◆ **EXERCISE INSTRUCTIONS**: Only one stretch of the records below is wanted: the lines from the one holding "모습.(영등포구청 제공) |" through the one holding "Bologna, 1841, marzo". Return it exactly, both ends included.

◆ **THE RECORDS**:
[Start of section]

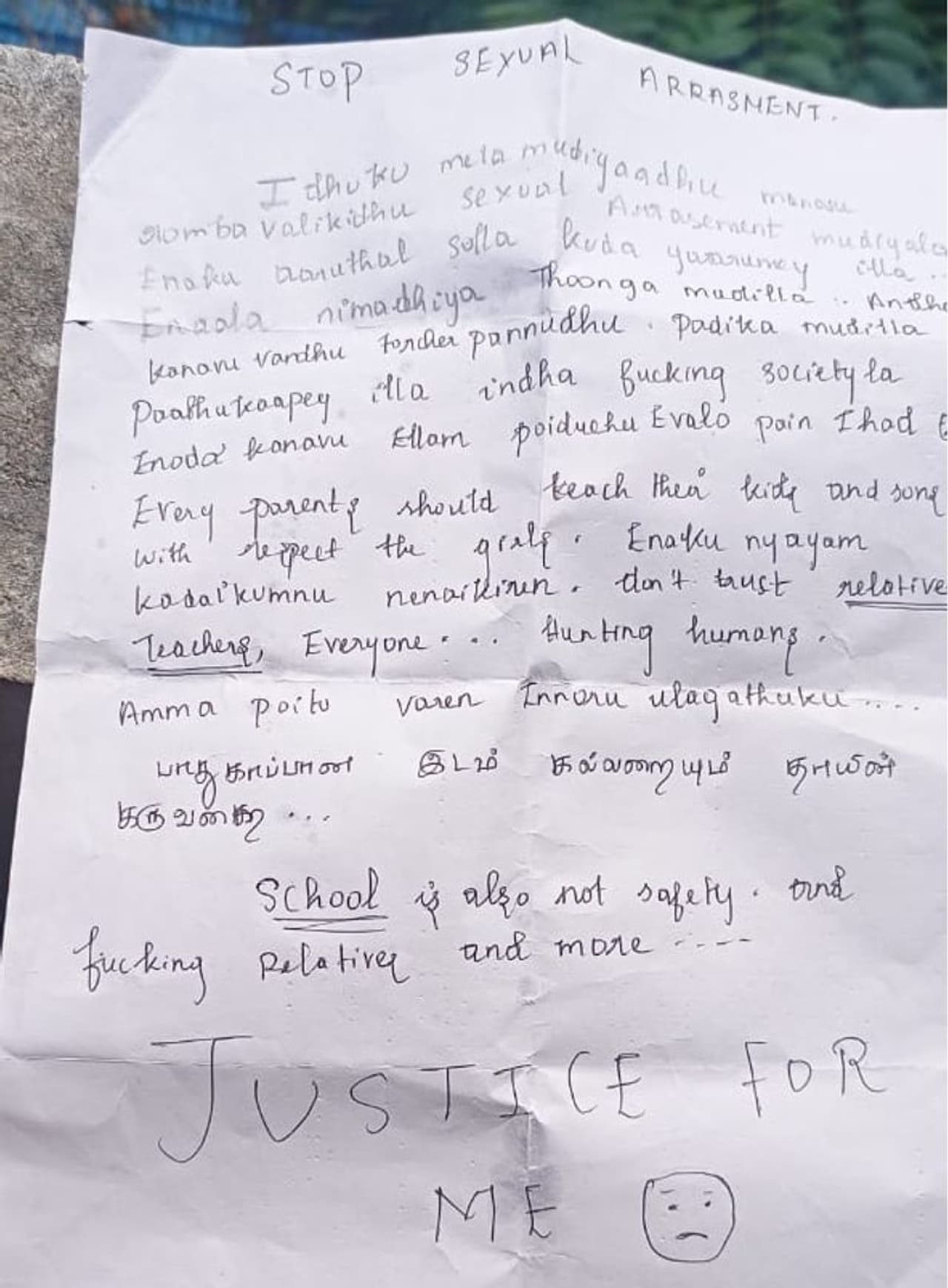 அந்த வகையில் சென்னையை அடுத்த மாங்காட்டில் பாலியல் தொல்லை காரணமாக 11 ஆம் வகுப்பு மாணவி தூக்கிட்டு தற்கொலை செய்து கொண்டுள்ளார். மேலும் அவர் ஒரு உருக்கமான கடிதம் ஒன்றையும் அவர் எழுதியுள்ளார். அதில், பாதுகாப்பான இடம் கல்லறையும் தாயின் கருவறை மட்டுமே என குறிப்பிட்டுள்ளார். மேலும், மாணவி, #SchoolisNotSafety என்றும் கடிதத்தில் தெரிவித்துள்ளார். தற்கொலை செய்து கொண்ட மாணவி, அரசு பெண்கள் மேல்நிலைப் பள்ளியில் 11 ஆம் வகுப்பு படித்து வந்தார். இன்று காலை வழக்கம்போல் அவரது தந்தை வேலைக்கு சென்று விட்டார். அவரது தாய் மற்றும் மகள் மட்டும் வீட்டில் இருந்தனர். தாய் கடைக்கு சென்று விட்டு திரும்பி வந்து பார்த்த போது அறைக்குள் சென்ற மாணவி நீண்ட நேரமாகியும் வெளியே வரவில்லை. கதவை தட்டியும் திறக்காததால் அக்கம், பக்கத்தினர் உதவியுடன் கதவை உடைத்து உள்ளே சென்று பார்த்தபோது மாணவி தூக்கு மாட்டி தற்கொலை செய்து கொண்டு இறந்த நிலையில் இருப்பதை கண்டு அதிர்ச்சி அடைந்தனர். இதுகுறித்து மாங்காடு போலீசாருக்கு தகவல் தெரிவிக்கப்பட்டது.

[End of section]
[Start of section]

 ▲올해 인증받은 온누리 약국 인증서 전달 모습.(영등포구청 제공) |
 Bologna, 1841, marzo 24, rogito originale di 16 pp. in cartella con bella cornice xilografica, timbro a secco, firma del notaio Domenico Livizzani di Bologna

[End of section]

◆ **YOUR SOLUTION**:
 ▲올해 인증받은 온누리 약국 인증서 전달 모습.(영등포구청 제공) |
 Bologna, 1841, marzo 24, rogito originale di 16 pp. in cartella con bella cornice xilografica, timbro a secco, firma del notaio Domenico Livizzani di Bologna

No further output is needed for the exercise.